Despite these limitations, our findings underscore the pernicious long-term effects of childhood maltreatment on the risk of suicidal behavior. Preventing childhood maltreatment may have broad benefits to reduce not only the suffering of these children and adolescents but also the burden of suicide.

Submitted: July 29, 2014; accepted October 23, 2014.

Disclosure of off-label usage: The authors have determined that, to the best of their knowledge, no investigational information about pharmaceutical agents that is outside US Food and Drug Administration-approved labeling has been presented in this activity.

Financial disclosures: Dr Oquendo receives royalties for use of the Columbia Suicide Severity Rating Scale; has received financial compensation from Pfizer for the safety evaluation of a clinical facility in 2006, unrelated to this study; has received unrestricted educational grants and/or lecture fees from AstraZeneca, Bristol-Myers Squibb, Eli Lilly, Janssen, Otsuka, Pfizer, Sanofi-Aventis, and Shire; and her family owns stock in Bristol-Myers Squibb. Dr Limosin is a member of the speakers/advisory boards for Janssen, Euthérapie, Lundbeck, and Roche.
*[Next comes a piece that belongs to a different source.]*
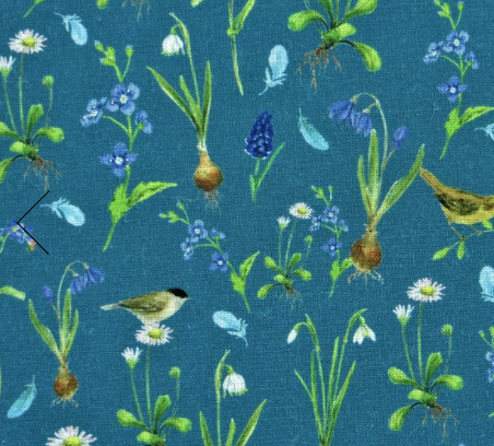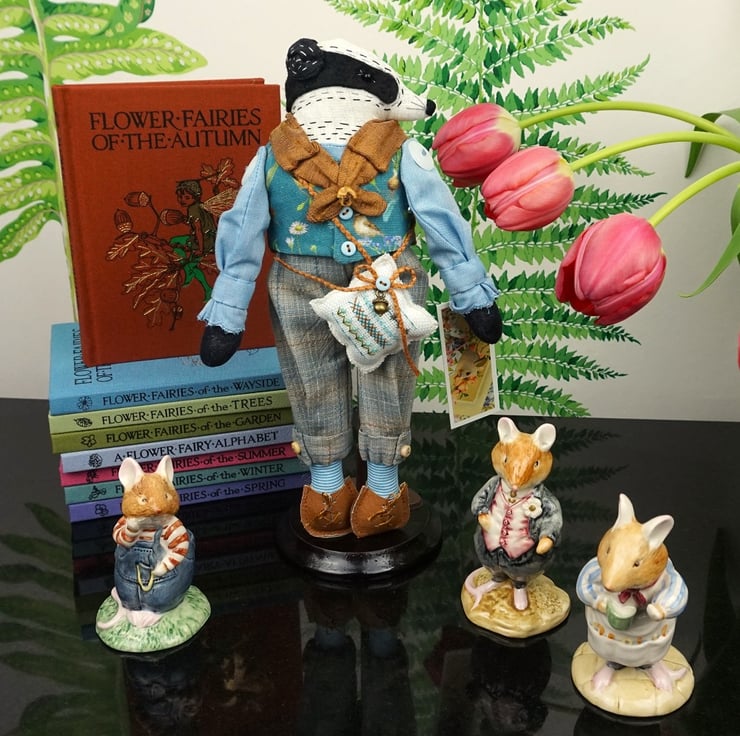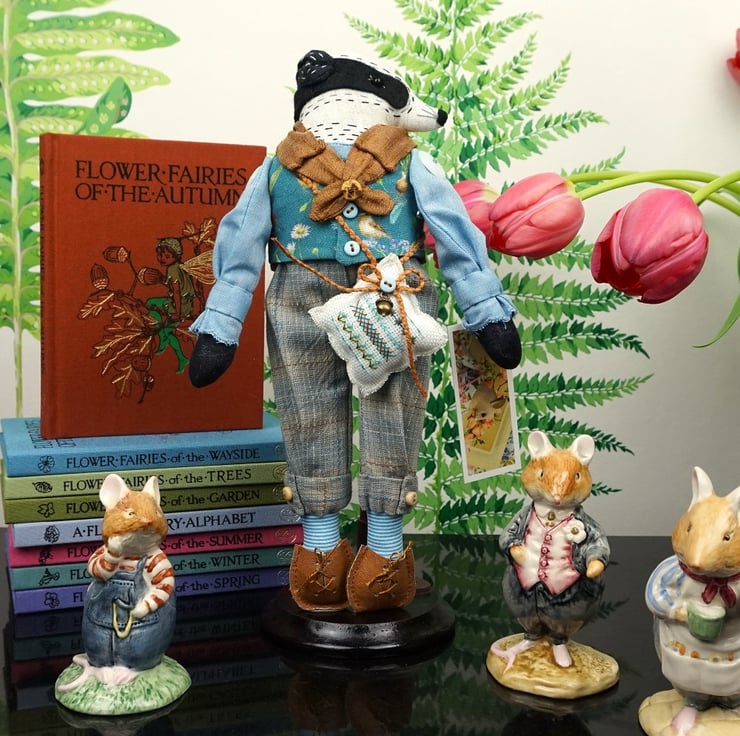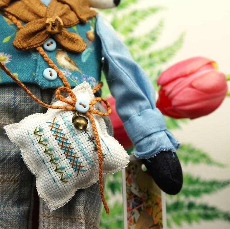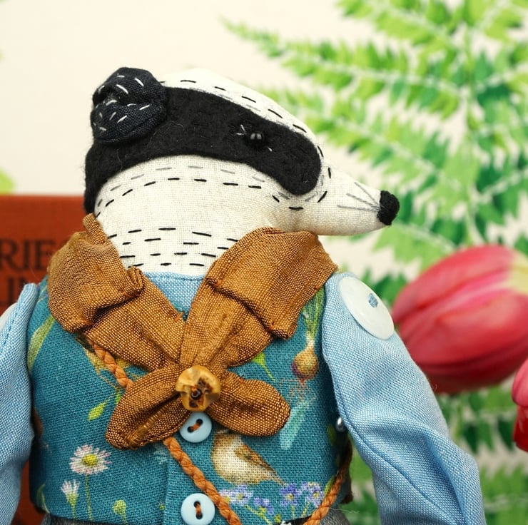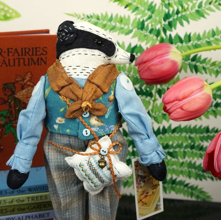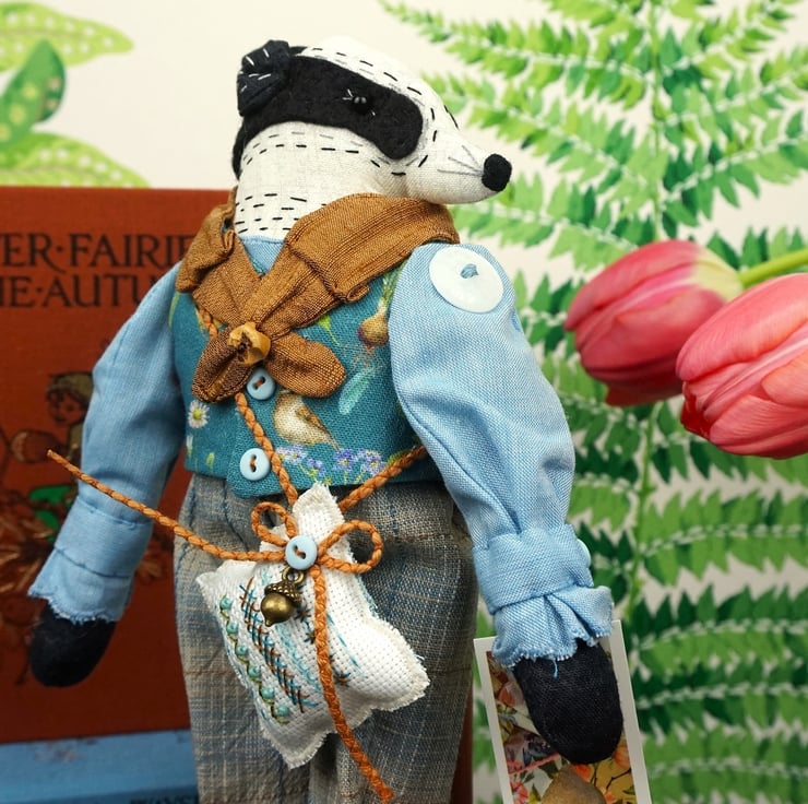 Harold is a tiny badger boy dressed in a lovely Acufactum cotton wiatcoat, with a blue ground and lots of tiny birds and spring bulbs, the fabric is called Heralds of Spring . This print is just lovely with bulbs bursting into flower. He has rosemary in his stuffing with a tigers eye crystal to his heart, hand embroidered features and a little embroidered tail. He is finished with tiny buttons, plus fours and little leather shoes.

Drs Hoertel, Franco, Wall, Wang, and Blanco have no personal affiliations or financial relationships with any commercial interest to disclose relative to the article.

Funding/support: Supported by National Institutes of Health grants DA019606, DA023200, MH076051, and MH082773 (Dr Blanco); the New York State Psychiatric Institute (Drs Blanco, Oquendo, and Wall); and a fellowship grant from Public Health Expertise (Dr Hoertel).

Role of the sponsors: The sponsors had no additional role in the design and conduct of the study; collection, management, analysis, and interpretation of the data; and preparation, review, or approval of the manuscript.

Additional information: The original data set for the National Epidemiologic Survey on Alcohol and Related Conditions (NESARC) is available from the National Institute on Alcohol Abuse and Alcoholism (http://www.niaaa.nih.gov).

Supplementary material: Available at PSYCHIATRIST.COM.